Imam Bukhari rahimahullah mengatakan dalam Sahih-nya bahwa ilmu sebelum ucapan dan amalan. Sementara keimanan dalam keyakinan Ahlus Sunnah mencakup ucapan dan amalan. Ilmu tentang Allah mencakup pengenalan terhadap nama-nama dan sifat-sifat-Nya. Pemahaman tentang ilmu ini termasuk fikih dalam agama yang paling utama. Nabi shallallahu ‘alaihi wa sallam bersabda, “Barangsiapa yang Allah kehendaki kebaikan niscaya Allah pahamkan dia dalam hal agama.” (HR. Bukhari dan Muslim)
Oleh sebab itu Syaikh Prof. Dr. Abdurrazzaq al-Badr hafizhahullah menyusun sebuah buku yang sangat istimewa berjudul Fiqih Asma’ul Husna. Hal ini mengisyaratkan kepada kita bahwa pada masa-masa sekarang ini kita sangat membutuhkan ilmu tentang Allah, keyakinan yang kuat terhadap kesempurnaan nama dan sifat Allah. Sebagaimana yang telah diutarakan oleh Ibnul Qayyim rahimahullah, “Barangsiapa yang mengenal Allah melalui nama-nama dan sifat-sifat-Nya niscaya akan mencintai-Nya (dengan benar)…”
Sementara kecintaan kepada Allah itu sendiri adalah ruh dan motor penggerak amal salih. Ibadah kepada Allah tidak akan bisa tegak tanpa puncak kecintaan dan puncak perendahan diri kepada-Nya. Kecintaan merupakan pondasi ketaatan.
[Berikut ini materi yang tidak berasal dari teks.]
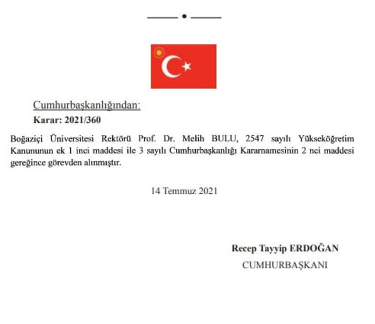 Boğaziçi Üniversitesi Rektörü Prof. Dr. Melih Bulu, 2547 sayılı Yükseköğretim Kanunu ve 3 sayılı Cumhurbaşkanlığı Kararnamesi gereğince görevinden alındı. Bulu’nun yerine herhangi bir atama yapılmadı.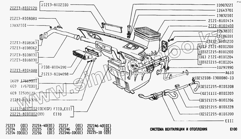 Каталог запасных частей к технике: ВАЗ-2131 (NIVA). Система вентиляции и отопления

Sebagaimana dikatakan orang Arab, “Orang yang cinta tentu akan taat kepada siapa yang dicintainya.” Salah satu sebab utama rendahnya ketaatan adalah karena minimnya kecintaan… Wallahul musta’aan.
Kecintaan kepada Allah akan bisa menguat seiring dengan keyakinan dan kesadaran hamba akan sekian banyak nikmat Allah yang tercurah kepada dirinya. Inilah yang disebut dengan sikap musyahadatul minnah; mengakui dan menyadari curahan nikmat dari Allah. Sebuah prinsip ibadah yang terlukis dalam kalimat sayyidul istighfar ‘abuu’u laka bini’matika ‘alayya; aku mengakui kepada-Mu atas segala nikmat-Mu kepada diriku…
Akan tetapi hal itu tidak cukup. Sebab kita pun wajib mengakui akan segala dosa dan kekurangan kita dalam menghamba kepada Allah. Sebagaimana yang terwakili dalam kalimat ‘wa abuu’u bi dzanbii faghfirlii’ “Dan aku pun mengakui atas segala dosaku, maka ampunilah aku…” Inilah yang dikenal dengan muthola’atu ‘aibin nafsi wal ‘amal; menelaan segala aib pada diri dan amal perbuatan kita. Ini pun termasuk pilar ibadah yang harus terwujud dalam diri kita, sebab tanpanya maka akan merebak kesombongan, arogansi dan keangkuhan…
Semoga Allah berikan taufik kepada kita untuk mengenal Allah dengan sebenarnya dan mengampuni dosa-dosa kita. Wa shallallahu ‘ala Nabiyyina Muhammadin wa ‘ala alihi wa shahbihi wa sallam. Walhamdulillahi Rabbil ‘alamin.